Easier said than done , especially when we live in a country where any students are unable to even get higher studies because of so few colleges. Goverment colleges are being overcrowded , we have 100 students in IT this year , let alone think about 20-30 people per classroom/



Liverpool_fan said:


> [*]Practical approach to learning instead of a complete theoretical approach. If you ask me, if you solve problems and practically work, theoretical learning will be a side effect, I mean since sometimes you'll be stuck at a point while solving a problem and without learning the appropriate theory you cannot further solve the problems. So you have to learn that theory and its practical usage to further move along, and when you do that you always tend to remember a lot better and for longer.





Liverpool_fan said:


> [*]Practicals should be based on learning and getting the ability to do stuff. It should not be just an exercise to complete practical files.





Liverpool_fan said:


> [*]Main emphasis should be on original projects and practicals rather than text. Preventing copying, and plagarims will be quite a challenge here though.




All of these , really hard to do when you have nearly a 100 students in a batch.



Liverpool_fan said:


> [*]Exams should only be a some part. If possible, implement open book test, mind you this will really hit students hard, open book tests are always harder believe it or not.



Would be unfair to those hardworking students who toiled hard and studied for hours and can probably clear th test without an open book.



Liverpool_fan said:


> There may be many other things, but you should get my drift.



Again , i mention that i have replied only for the sake of argument , i appricieate your gesture for taking your time for the valuable  suggestions , i am just trying to mention why the might not be a fit solution for our current situation.


----------



## puneetgarg (Aug 1, 2011)

instead of reading the replies of people here.. u better start reading whats written in ur physics, chem and math books.. that could be called one type of study


----------



## Garbage (Aug 1, 2011)

Liverpool_fan said:


> [*]Practical approach to learning instead of a complete theoretical approach. If you ask me, if you solve problems and practically work, theoretical learning will be a side effect, I mean since sometimes you'll be stuck at a point while solving a problem and without learning the appropriate theory you cannot further solve the problems. So you have to learn that theory and its practical usage to further move along, and when you do that you always tend to remember a lot better and for longer.



The problem with this approach is, you can't simulate all the real world / possible problems in the classroom. Instead if you learn a set of theory, then you might be able to solve n number of problems based on that.
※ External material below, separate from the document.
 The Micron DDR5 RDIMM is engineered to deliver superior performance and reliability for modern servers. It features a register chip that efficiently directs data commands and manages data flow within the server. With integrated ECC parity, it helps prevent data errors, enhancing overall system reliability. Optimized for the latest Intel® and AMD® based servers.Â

Saying that, practical approach has to be there, otherwise students will not understand how to apply theory into real world. But you can't rely solely on practicals.


----------



## thetechfreak (Aug 1, 2011)

Well, seeing the creative replies above, here is how it is defined by Google-


> Devote time and attention to acquiring knowledge on (an academic subject), esp. by means of books


----------



## sygeek (Aug 1, 2011)

The major problem with the education system, isn't the system itself, but the people behind the system. They act like closed-minded robots who implement rules just for the sake of it instead of proper reasoning. Seriously, this is the problem with the majority of the Indians, get out of our medieval thinking and learn to reason.

This image should explain what I'm trying to say:
*i.imm.io/7L40.jpeg


----------



## thetechfreak (Aug 1, 2011)

Well I once read this comment somewhere in fight-club section-


India doesnt have a education system. It has only a exam system where robots with best memory succeed


----------



## Liverpool_fan (Aug 1, 2011)

Garbage said:


> The problem with this approach is, you can't simulate all the real world / possible problems in the classroom. Instead if you learn a set of theory, then you might be able to solve n number of problems based on that.
> 
> Saying that, practical approach has to be there, otherwise students will not understand how to apply theory into real world. But you can't rely solely on practicals.
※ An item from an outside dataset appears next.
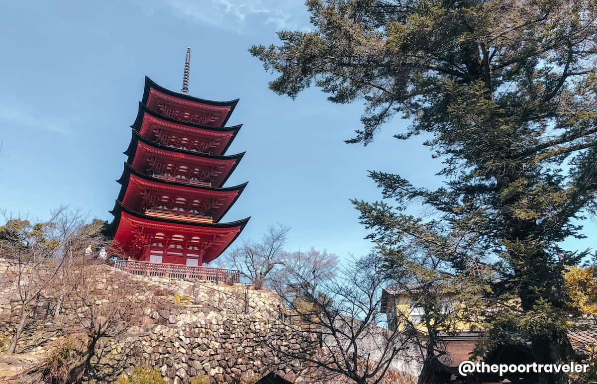 Note: You can view the giant torii gate even without entering the shrine, but if you want to frame it at the center, you have to wait for the water to subside during low tide or pay the entrance fee. - Senjokaku Hall & the Five-Storied Pagoda

The point is not solving exhaustive problems but building a very solid foundation on which the students get the abilities to solve problems. If the fundamentals in solving problems is solid, then going further becomes much easier and interesting as well. I'll say do little but do it well, don't try to do everything and end up being in mess in all.
Also, if you learn a set of theory (like our education system does), it's of no use if you don't know how to actually use it. Theory and its application/practical should always go hand in hand.



mitraark said:


> Would be unfair to those hardworking students who toiled hard and studied for hours and can probably clear th test without an open book.


Actually open book tests are far more harder than closed book ones. Only the students which understand the concepts very well will be able to correctly attempt an open book examination. Rote learning will never suffice. Don't think open book means you can search for answers in the book.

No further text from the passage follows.